** Opening Input records block **
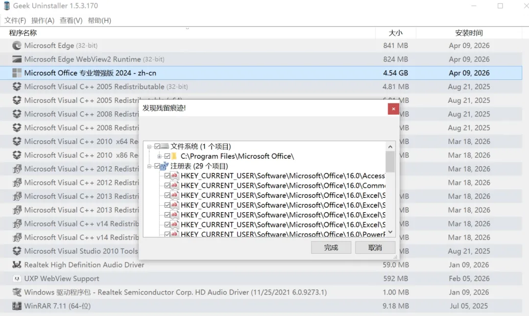 卸载完成后会搜索该软件在windows系统中的所有注册表信息,然后进行一并清理,等待清理完成即可。
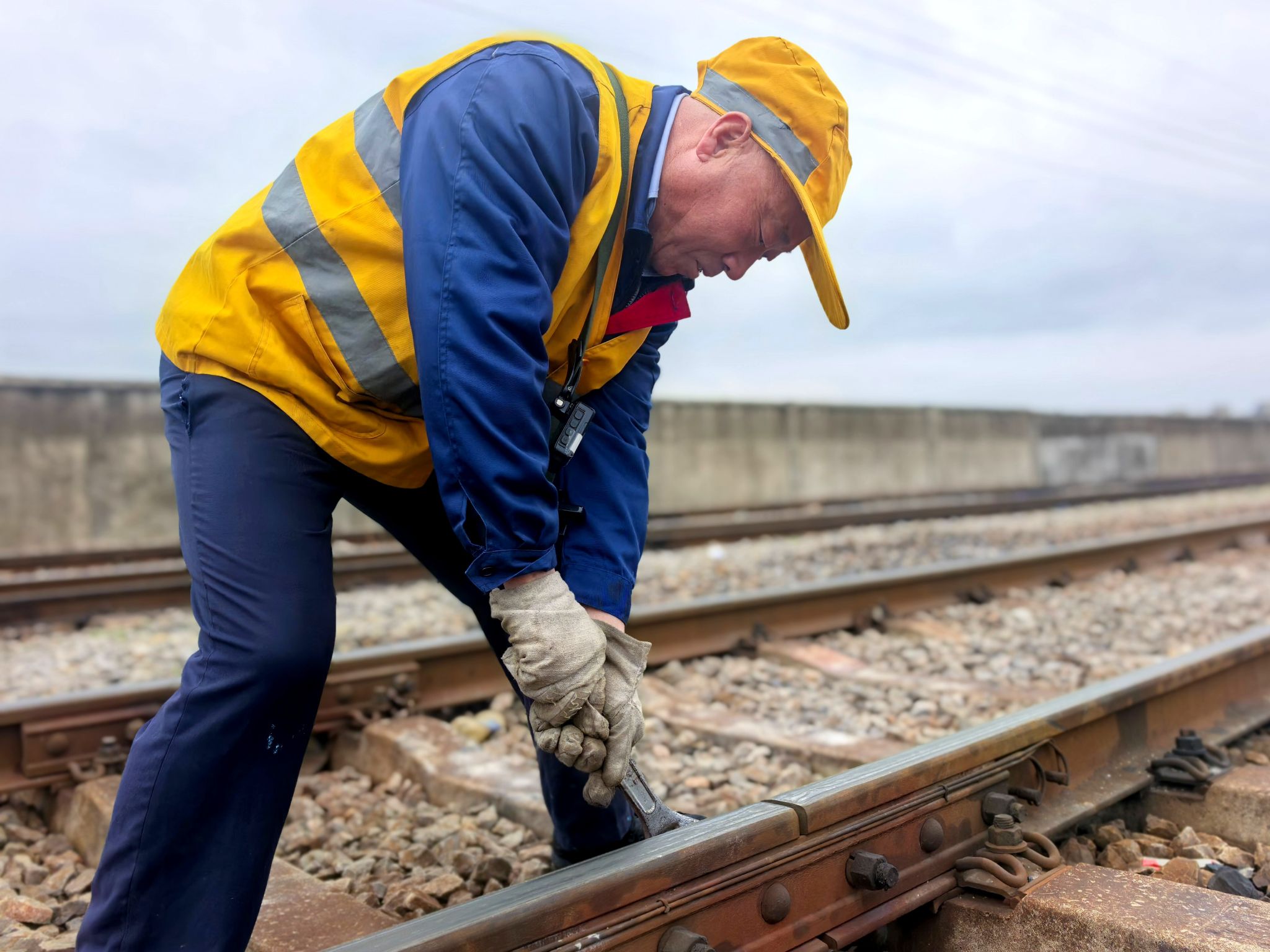 在道岔区段,他蹲下身子,拿起检查锤逐一对螺栓进行敲击检查,凭借清脆或沉闷的声响,快速判断螺栓是否松动。遇到列车通过,他迅速站立一旁立岗接车,任凭寒风裹挟煤尘拍打在脸上,依旧身姿挺拔、目光坚定。巡查至曲线地段时,他发现一处钢轨接头夹板螺栓松动、轨缝偏大,立即俯身进行紧固处理。厚厚的棉衣影响操作,冰冷的钢轨寒气逼人,他顾不上这些,反复用力拧紧每一颗螺栓,直到确认隐患彻底消除才站起身。一上午的时间,他已成功处置多处线路隐患,用细心与专业守住安全第一道关口。
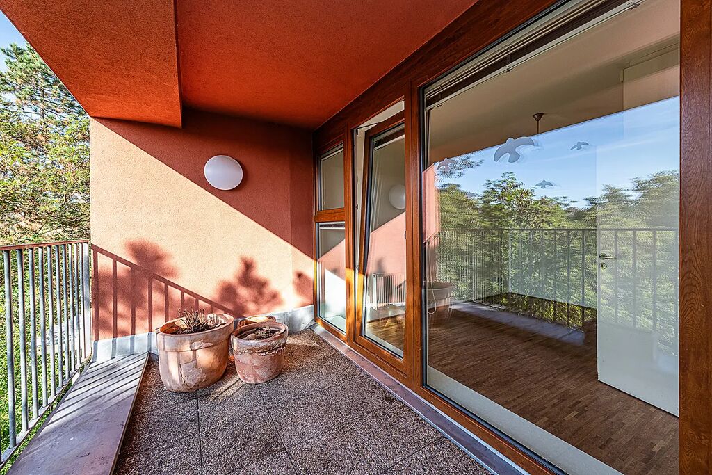 Nabízíme k prodeji mimořádný byt o dispozici 2+kk s rozsáhlou krytou terasou; Plocha: 46 m² + lodžie 7,9 m² + sklepní kóje cca 3,5 m².
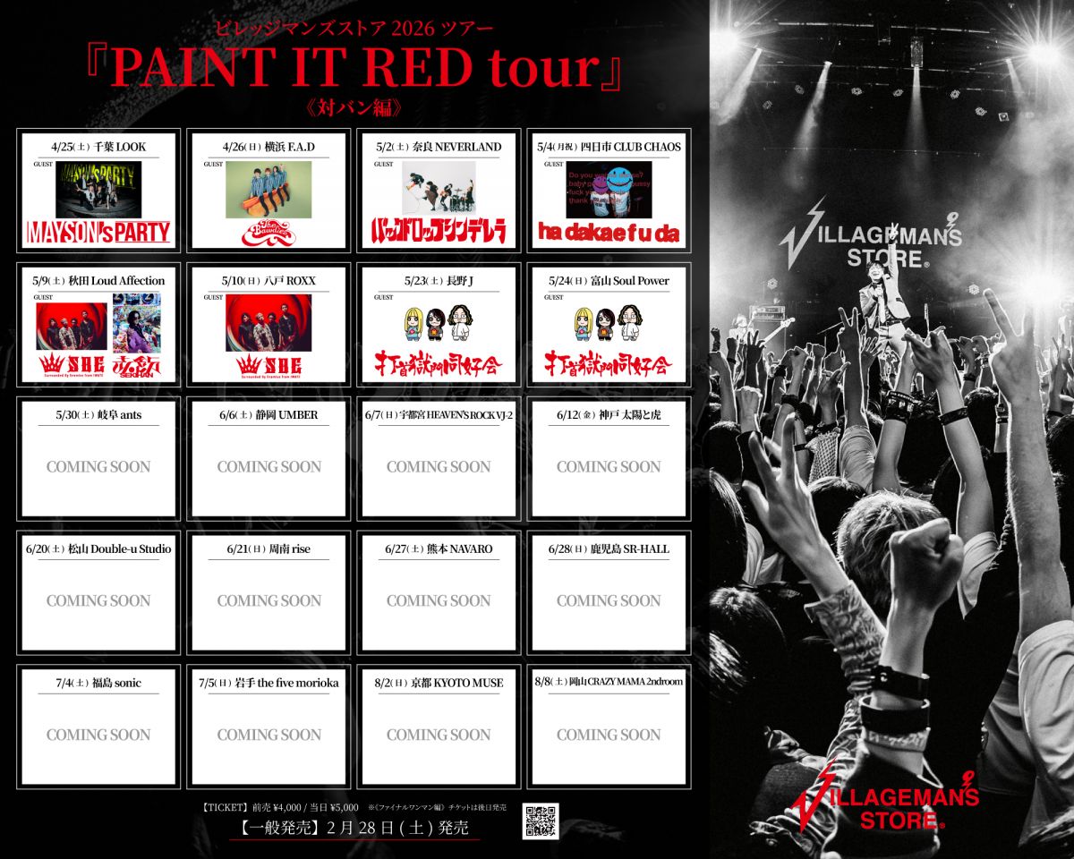 ビレッジマンズストア 2026ツアー「PAINT IT RED tour」の開催が決定しました!
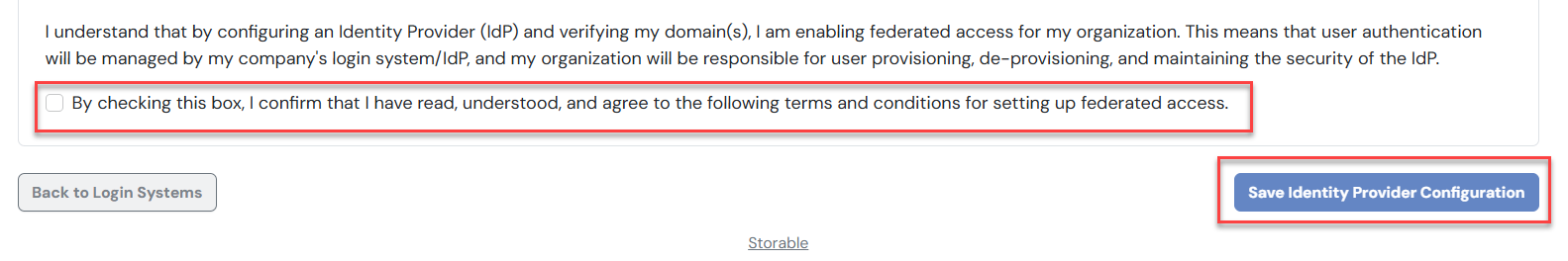 Once your information is entered, check the disclaimer box and click Save Identity Provider Configuration
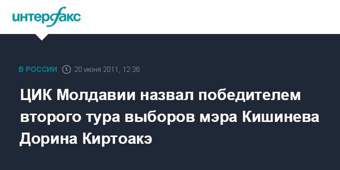 Кишинев. 20 июня. INTERFAX.RU - Центризбирком Молдавии подтвердил победу действующего мэра Кишинева Дорина Китоакэ во втором туре выборов, который состоялся 19 июня.
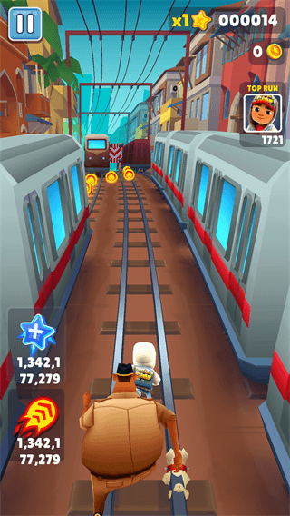 1、地铁跑酷基本操作:虽然跑酷游戏种类繁多,但共同点就是尽量的跑的更远,在保证游戏时间更长的条件下尽可能的获得更多金币,而游戏视角也会跟随角色前进的方向变动。
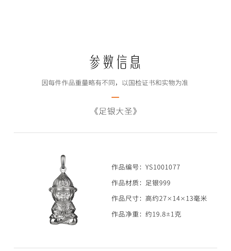 玺匠金铺《足银大圣》孙悟空足银999 佩戴吊坠项链 中秋节礼物
** Closing Input records block **
= Task description =
Return the data verbatim, leaving out the pictures it holds.

= Result for this task =
 卸载完成后会搜索该软件在windows系统中的所有注册表信息,然后进行一并清理,等待清理完成即可。
 在道岔区段,他蹲下身子,拿起检查锤逐一对螺栓进行敲击检查,凭借清脆或沉闷的声响,快速判断螺栓是否松动。遇到列车通过,他迅速站立一旁立岗接车,任凭寒风裹挟煤尘拍打在脸上,依旧身姿挺拔、目光坚定。巡查至曲线地段时,他发现一处钢轨接头夹板螺栓松动、轨缝偏大,立即俯身进行紧固处理。厚厚的棉衣影响操作,冰冷的钢轨寒气逼人,他顾不上这些,反复用力拧紧每一颗螺栓,直到确认隐患彻底消除才站起身。一上午的时间,他已成功处置多处线路隐患,用细心与专业守住安全第一道关口。
 Nabízíme k prodeji mimořádný byt o dispozici 2+kk s rozsáhlou krytou terasou; Plocha: 46 m² + lodžie 7,9 m² + sklepní kóje cca 3,5 m².
 ビレッジマンズストア 2026ツアー「PAINT IT RED tour」の開催が決定しました!
 Once your information is entered, check the disclaimer box and click Save Identity Provider Configuration
 Кишинев. 20 июня. INTERFAX.RU - Центризбирком Молдавии подтвердил победу действующего мэра Кишинева Дорина Китоакэ во втором туре выборов, который состоялся 19 июня.
 1、地铁跑酷基本操作:虽然跑酷游戏种类繁多,但共同点就是尽量的跑的更远,在保证游戏时间更长的条件下尽可能的获得更多金币,而游戏视角也会跟随角色前进的方向变动。
 玺匠金铺《足银大圣》孙悟空足银999 佩戴吊坠项链 中秋节礼物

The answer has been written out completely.